= Hersleb Vogt =

Norwegian diplomat (1912–1999)

Hersleb Vogt (20 May 1912 – 9 November 1999) was a Norwegian diplomat.

==Biography==
He was born in Kristiania (now Oslo). Norway. He studied law at the University of Oslo and graduated with a cand.jur. degree in law. He was hired in the Ministry of Foreign Affairs in 1936.

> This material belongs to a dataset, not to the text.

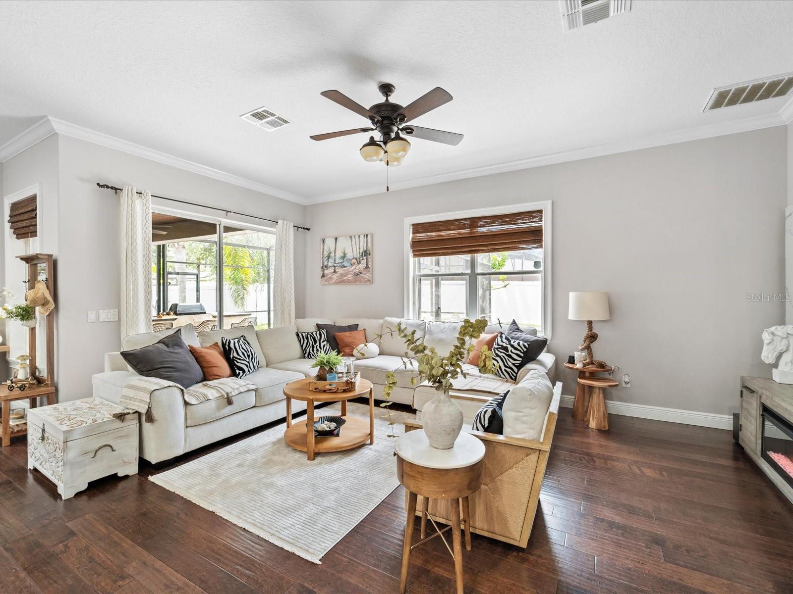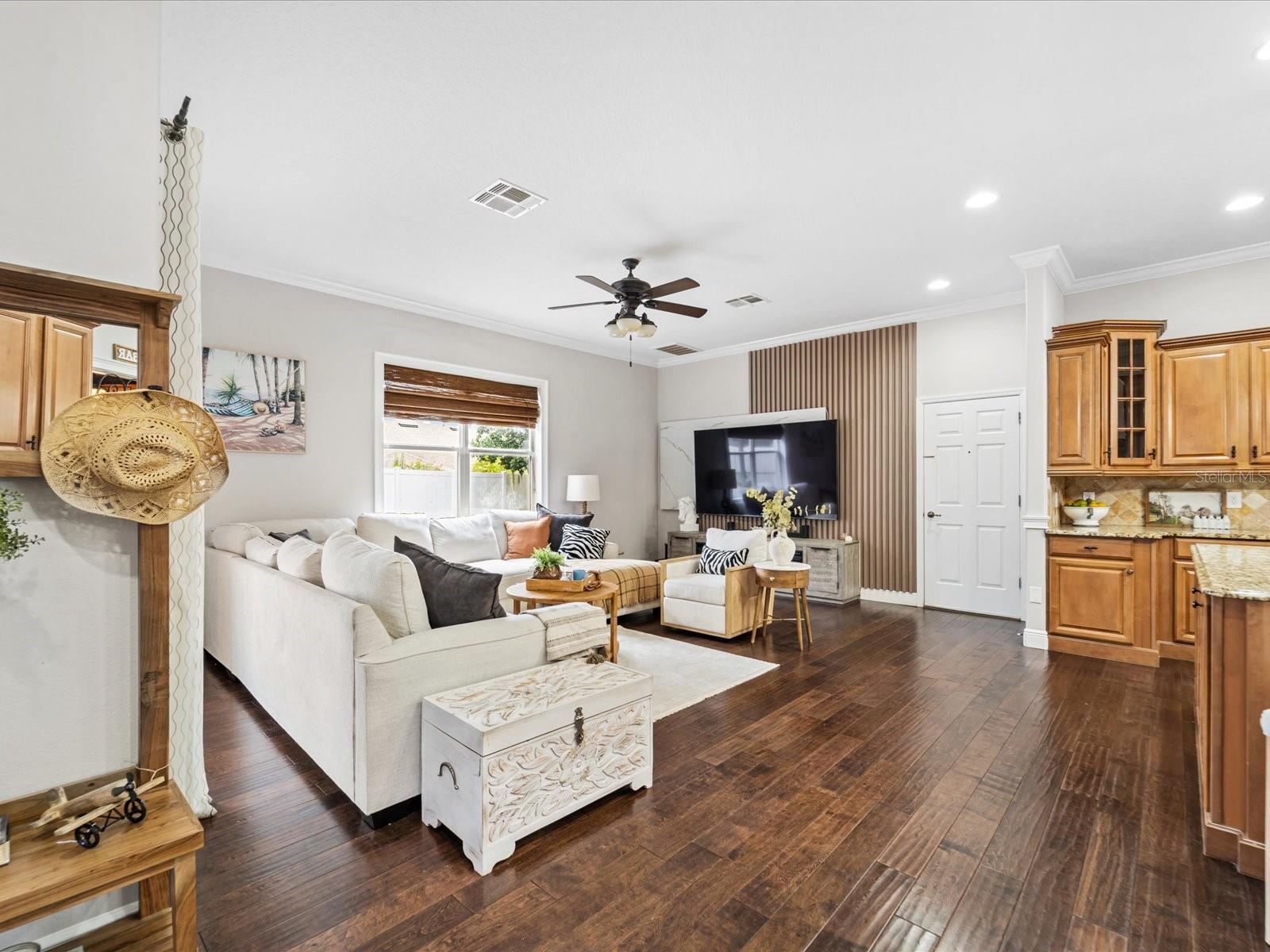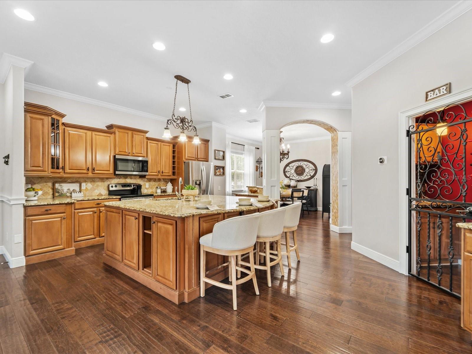 Casa elegante e sofisticada com 5 quartos e 3,5 banheiros em condomínio fechado! Descubra esta deslumbrante casa de 2 andares que oferece 4 quartos no andar de cima, um espaço de escritório flexível (5º quarto) e uma sala bônus. Situada em um condomínio fechado com segurança 24 horas, esta elegante residência possui tetos de 12' com molduras, uma planta espaçosa com 2 salas de jantar (1 pode ser usada como sala de jogos, sala de família, etc.), uma sala de estar, e uma bela cozinha com armários de madeira atualizados, bancadas de granito e eletrodomésticos de aço inoxidável, incluindo geladeira para bebidas. Aproveite o bar molhado e um armário escondido sob as escadas. Do lado de fora, você encontra a linda e enorme varanda com varanda e cozinha ao ar livre, perfeita para entretenimento. No andar de cima, a acolhedora área loft/flex possui lindas estantes embutidas. O 2º andar tem planta dividida, dando a cada um o seu espaço. Você encontrará 4 quartos incluindo uma grande suíte master "ala". O quarto tem tetos elegantes e uma linda área de estar, 2 closets com armários personalizados e o espaçoso banheiro privativo oferece muito espaço no balcão, pia dupla, área de maquiagem, banheira de imersão e chuveiro com box de vidro. Outra suíte tem seu próprio banheiro e 2 quartos compartilham um banheiro Jack and Jill. Convenientemente, a lavanderia está localizada perto dos quartos. Enquanto os sistemas AC duplos garantem conforto em toda a casa. As características adicionais incluem garagem para 3 carros, GERADOR DE CASA INTEIRA DE 10KW, telhado substituído em 2018, piso de madeira no primeiro andar e luxuosas pranchas de vinil no andar de cima e carpete nos 3 quartos extras. Quintal cercado. Comodidades da comunidade: • Clubhouse • Grande piscina e parque infantil • Quadra de vôlei de praia • Campos de futebol e beisebol • Duas quadras de basquete • Duas quadras de tênis e pickleball e uma trilha para caminhada/ciclismo, inclui Wi-Fi. Não perca esta joia sofisticada!

He worked as an embassy attaché in 1937 at Paris and Luxembourg and 1938 in Rome. In 1943 he joined the Norwegian Mission in Stockholm as Legation Secretary. From 1944 until the end of World War II he was first secretary and later head of section in the Norwegian State Department. In 1948 he became chargé d'affaires with Norwegian diplomatic missions in Brussels. In 1949 he was hired as an embassy counselor in the United Kingdom.

He served as the Norwegian ambassador to Japan from 1953 to 1958, to West Germany from 1958 to 1963, to Denmark from 1963 to 1967, to France from 1967 to 1973, to Sweden from 1973 to 1977 and France again from 1977 to 1980.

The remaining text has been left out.